BEGIN THE INPUT

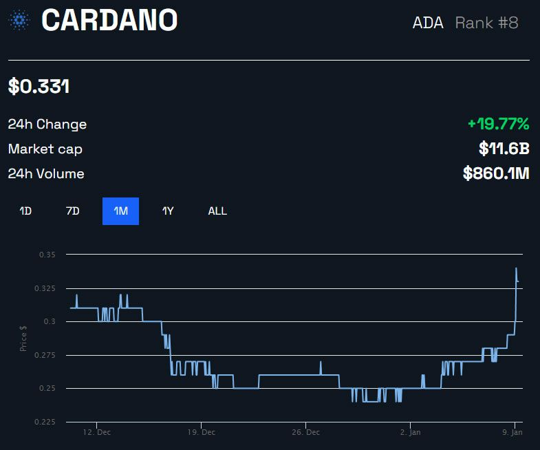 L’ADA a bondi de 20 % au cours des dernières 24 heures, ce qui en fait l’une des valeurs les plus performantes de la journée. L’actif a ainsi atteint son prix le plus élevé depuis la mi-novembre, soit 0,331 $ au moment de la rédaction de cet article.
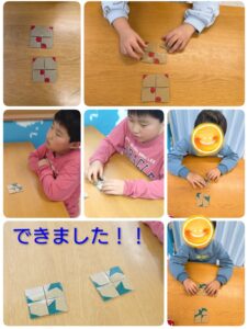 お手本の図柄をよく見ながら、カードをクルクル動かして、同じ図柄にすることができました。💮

END THE INPUT
BEGIN THE INPUT

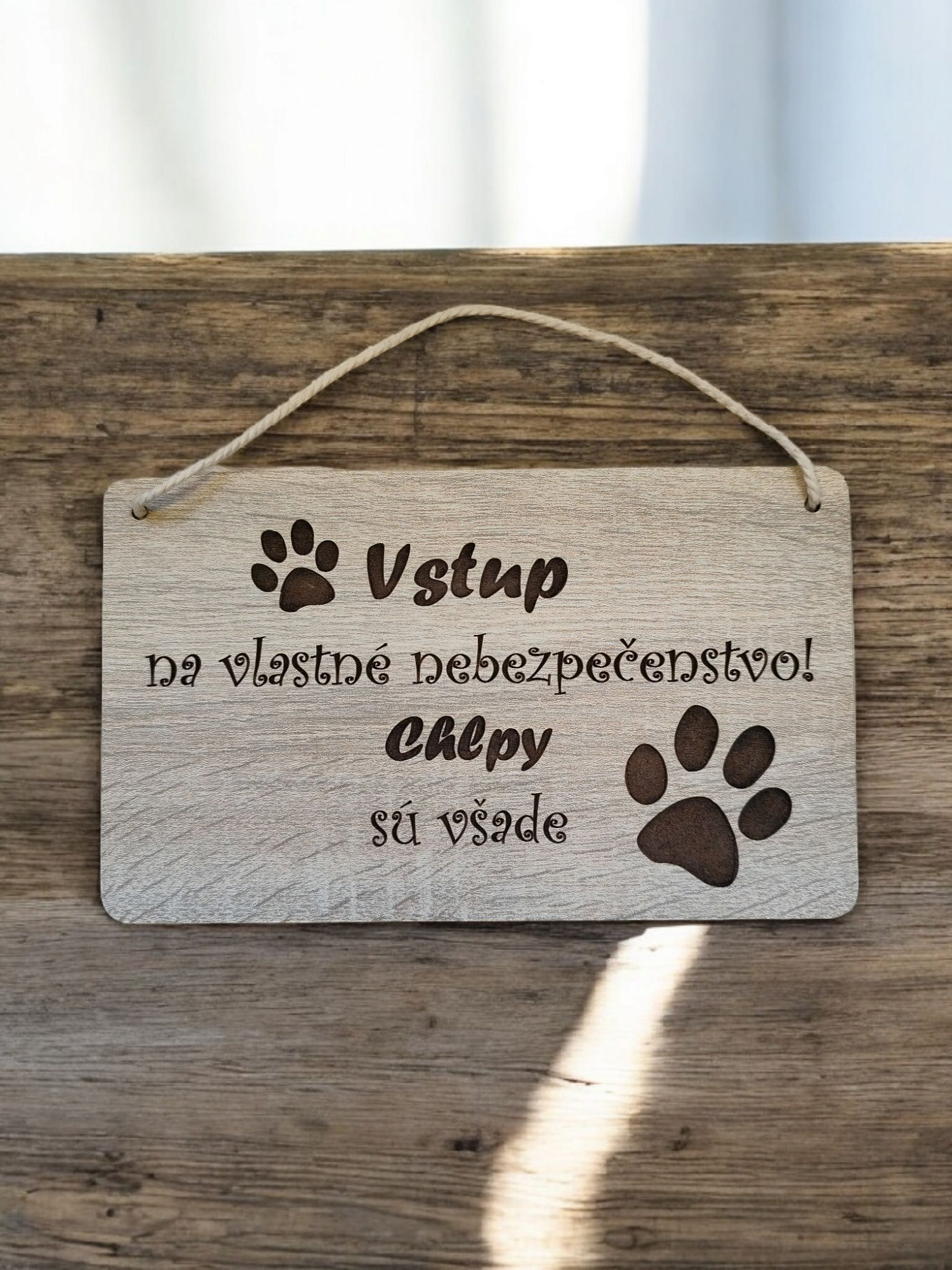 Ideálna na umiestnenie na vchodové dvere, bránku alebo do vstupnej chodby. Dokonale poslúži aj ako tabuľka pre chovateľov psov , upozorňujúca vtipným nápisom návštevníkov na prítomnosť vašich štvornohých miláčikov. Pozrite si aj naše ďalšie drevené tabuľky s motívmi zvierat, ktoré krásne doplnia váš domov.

END THE INPUT
BEGIN THE INPUT

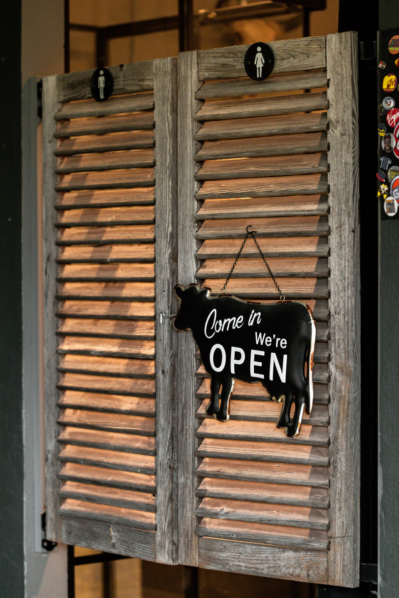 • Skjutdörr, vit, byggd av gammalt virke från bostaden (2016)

END THE INPUT

▸ **TASK GOAL**:
Starting with the line that contains "L’ADA a bondi" and finishing with the line that contains "お手本の図柄をよく見ながら、", reproduce every line of the material above exactly, but not the pictures.

▸ **RESPONSE AREA**:
 L’ADA a bondi de 20 % au cours des dernières 24 heures, ce qui en fait l’une des valeurs les plus performantes de la journée. L’actif a ainsi atteint son prix le plus élevé depuis la mi-novembre, soit 0,331 $ au moment de la rédaction de cet article.
 お手本の図柄をよく見ながら、カードをクルクル動かして、同じ図柄にすることができました。💮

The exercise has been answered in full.